Explanations as Model Reconciliation

Do we aspire to inhabit a world where AI agents converse and collaborate with us as naturally as we do amongst ourselves? The resounding consensus is yes, for numerous obvious reasons. Achieving this necessitates crafting AI agents with “explainable behavior”—the capability to elucidate their decisions and actions in terms that humans can grasp. Explanation is not merely a fundamental human trait but also instrumental to our collective advancement. To engineer such agents, we must delve into foundational human interactions and communications.

Entering this domain inevitably brings us to the Theory of Mind (ToM), formulated by Premack and Woodruff in 1978. ToM offers an indispensable framework for understanding human cognition and social dynamics. It equips individuals to impute mental states, such as beliefs and intentions, to others, even when differing from their own cognitive maps. This faculty is indispensable for anticipating future human behaviors, laying the groundwork for AI agents skilled in nuanced human interaction.

Social interactions, however complex or potentially misleading, benefit from this ability. A correct attribution of mental models can mitigate misunderstandings, thereby fostering smoother interactions. For example, in the formulation of shared plans or goals, the core competency required is ToM; each participant must comprehend the other’s intentions and coordinate actions accordingly to fulfill a mutual objective.

It’s worth noting that effective communication about differing mental states relies on a common linguistic foundation. Both parties should have mental models expressed in mutually comprehensible terms, underscoring ToM’s role as an essential socio-cognitive skill. This skill is often exercised intuitively in human interactions, forming an integral part of our social fabric. For a more exhaustive discussion on the development and significance of ToM, Baron-Cohen’s 1999 publication serves as a valuable resource.

Within AI, the Model Reconciliation Problem (MRP), introduced by Chakraborti et al. in 2017, builds on the foundational importance of Theory of Mind (ToM). In the realm of planning and MRP, a mental model is specifically formulated as a PDDL (Planning Domain Definition Language) expression, encompassing all fluents, predicates, objects, and permissible actions for a given problem. Key assumptions include the agent having a correct and complete model, while the human user’s model may have inaccuracies or gaps.

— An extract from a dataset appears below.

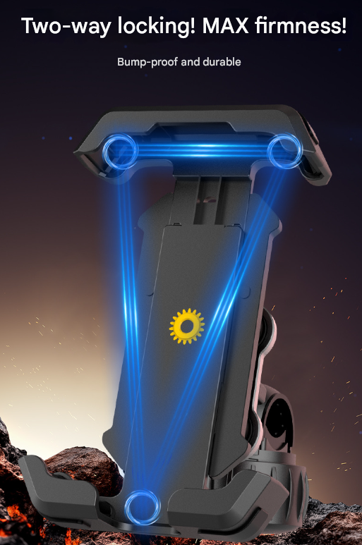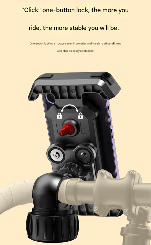 - One-Key Secure Lock: Forget flimsy grips. This mount features a robust mechanical lock that you can engage with a simple switch. Once locked, your phone is securely fixed, preventing any accidental drops even on the bumpiest terrain.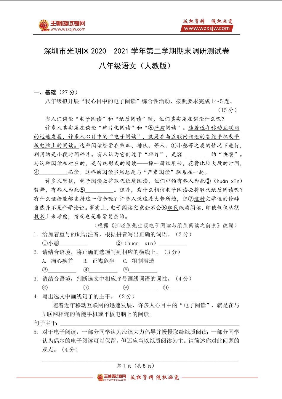 深圳市光明区2020—2021学年第二学期期末调研测试卷八年级语文(人教版)

In standard MRP scenarios, the need for explanation arises when an agent’s plan is incomprehensible according to the human user’s model. This often occurs because the human user lacks specific elements necessary for the plan’s execution. The agent then aims to “reconcile” the model differences by supplying the missing information, enabling the human user to update their model and subsequently understand the plan.

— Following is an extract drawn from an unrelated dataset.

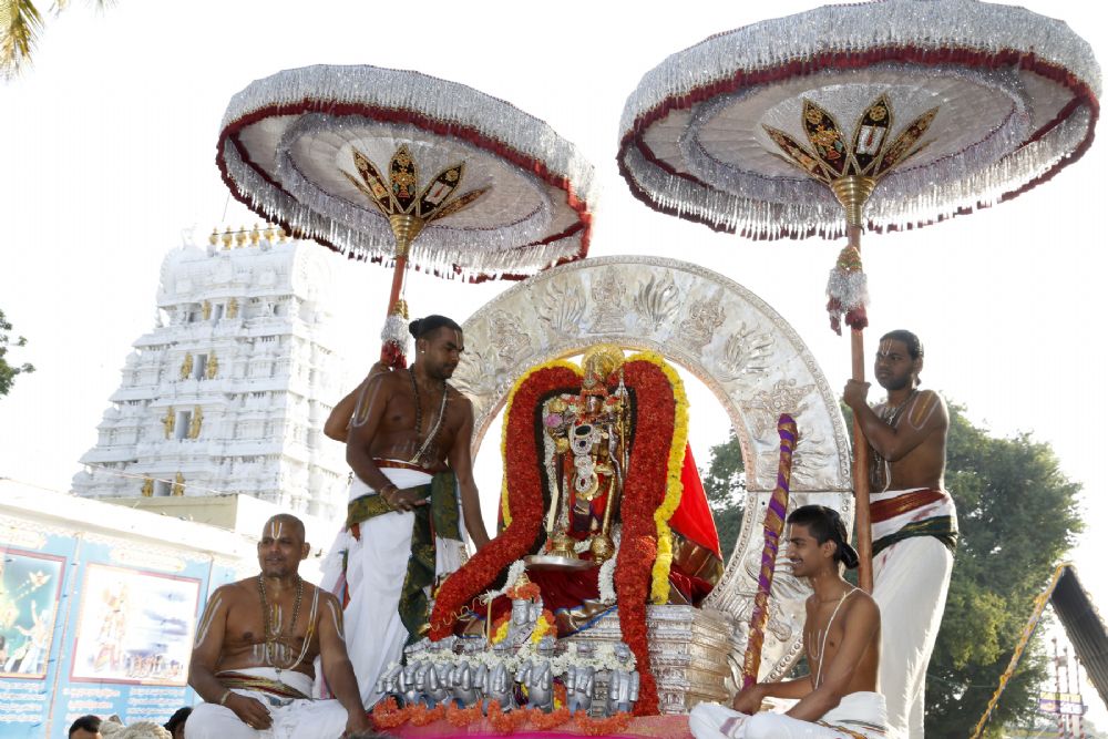 Lord Kalyana Venkateswara Swamy, in the guise of Surya Narayana Murthy took celestial ride on the dazzling Surya Prabha Vahanam on Monday, on the seventh day of ongoing annual brahmotsavams at Srinivasa Mangapuram.

Notably, MRP inherently acknowledges that the human user has an individualized model of the planning problem. Explanations are framed in terms of these model discrepancies, rendering model reconciliation a pivotal mechanism in explanation generation. This approach is particularly relevant in social contexts requiring intentional communication of information, highlighting the natural alignment of MRP with human social interaction dynamics.


  1. Premack, D., & Woodruff, G. (1978). Does the chimpanzee have a theory of mind? Behavioral and Brain Sciences.
  2. Baron-Cohen, S. (1999). The Evolution of a Theory of Mind. MIT Press.
  3. Chakraborti, T., et al. (2017). Plan Explanations as Model Reconciliation: Moving Beyond Explanation as Soliloquy. In Proceedings of the 26th International Joint Conference on Artificial Intelligence.